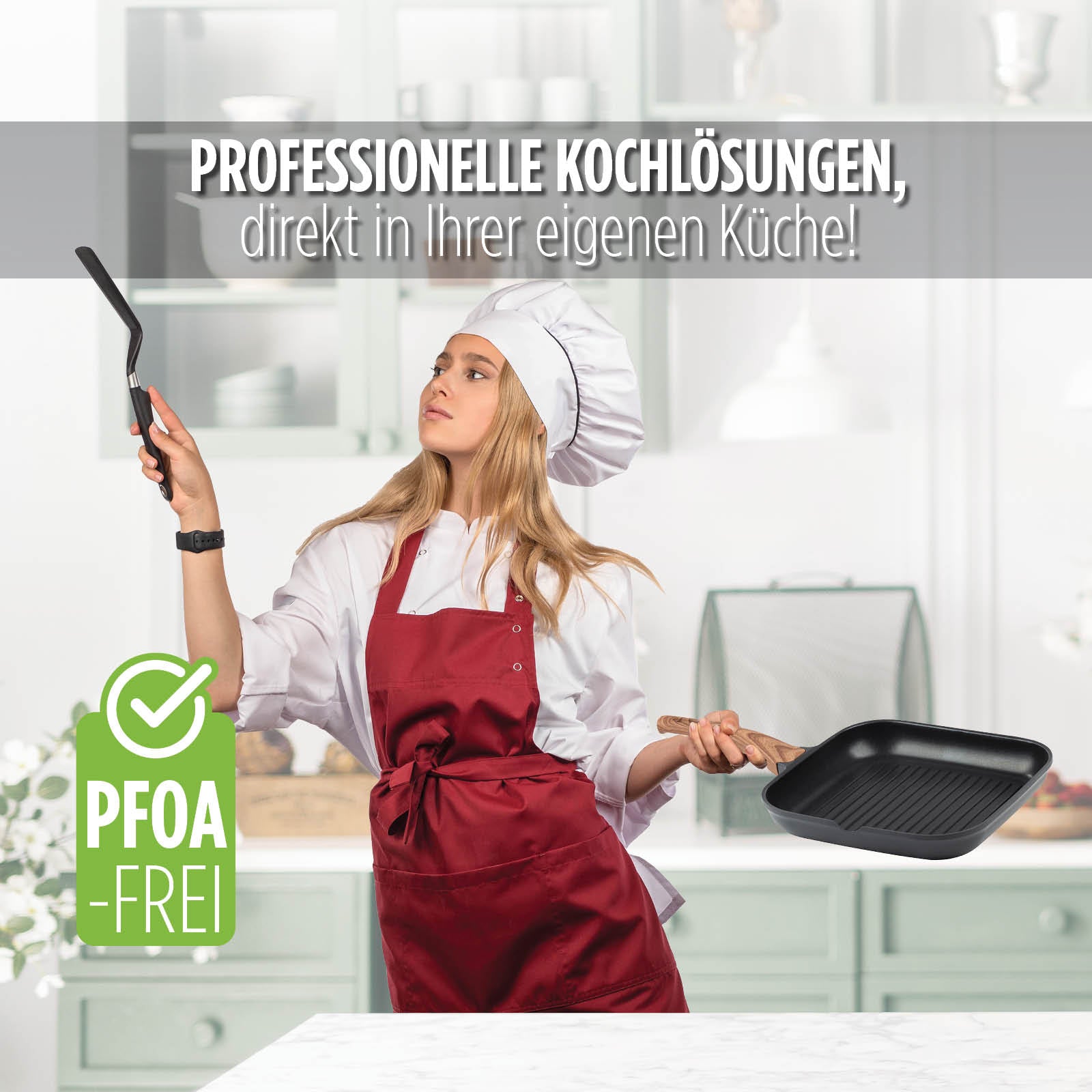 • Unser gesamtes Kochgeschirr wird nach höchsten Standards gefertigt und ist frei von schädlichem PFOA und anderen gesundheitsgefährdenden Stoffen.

####################

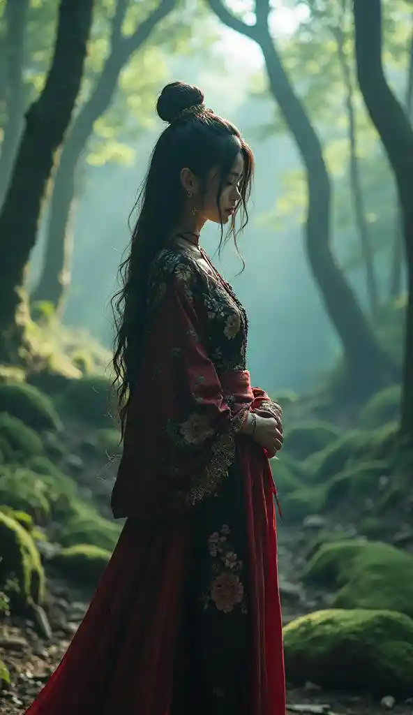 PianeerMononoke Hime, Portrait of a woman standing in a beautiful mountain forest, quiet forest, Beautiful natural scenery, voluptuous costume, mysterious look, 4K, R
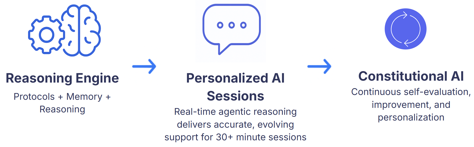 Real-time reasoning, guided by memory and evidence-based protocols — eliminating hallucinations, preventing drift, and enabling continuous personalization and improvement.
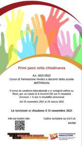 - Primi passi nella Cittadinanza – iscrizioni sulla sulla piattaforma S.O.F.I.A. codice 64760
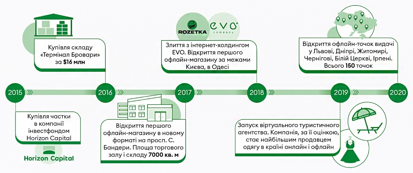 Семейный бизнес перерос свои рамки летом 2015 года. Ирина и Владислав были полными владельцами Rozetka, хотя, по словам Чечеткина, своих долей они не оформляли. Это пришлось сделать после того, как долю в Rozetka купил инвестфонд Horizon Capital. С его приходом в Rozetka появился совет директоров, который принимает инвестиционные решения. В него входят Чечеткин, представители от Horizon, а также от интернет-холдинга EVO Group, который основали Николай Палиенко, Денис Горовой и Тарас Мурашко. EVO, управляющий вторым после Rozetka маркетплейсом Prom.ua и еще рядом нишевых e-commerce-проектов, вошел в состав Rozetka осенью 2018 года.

####################

TASK PROMPT. Out of the records above, return only the lines from the one with "- Primi passi" through the one with "Семейный бизнес перерос", exactly, and none of the pictures.

EXERCISE ANSWER.
 - Primi passi nella Cittadinanza – iscrizioni sulla sulla piattaforma S.O.F.I.A. codice 64760
 Семейный бизнес перерос свои рамки летом 2015 года. Ирина и Владислав были полными владельцами Rozetka, хотя, по словам Чечеткина, своих долей они не оформляли. Это пришлось сделать после того, как долю в Rozetka купил инвестфонд Horizon Capital. С его приходом в Rozetka появился совет директоров, который принимает инвестиционные решения. В него входят Чечеткин, представители от Horizon, а также от интернет-холдинга EVO Group, который основали Николай Палиенко, Денис Горовой и Тарас Мурашко. EVO, управляющий вторым после Rozetka маркетплейсом Prom.ua и еще рядом нишевых e-commerce-проектов, вошел в состав Rozetka осенью 2018 года.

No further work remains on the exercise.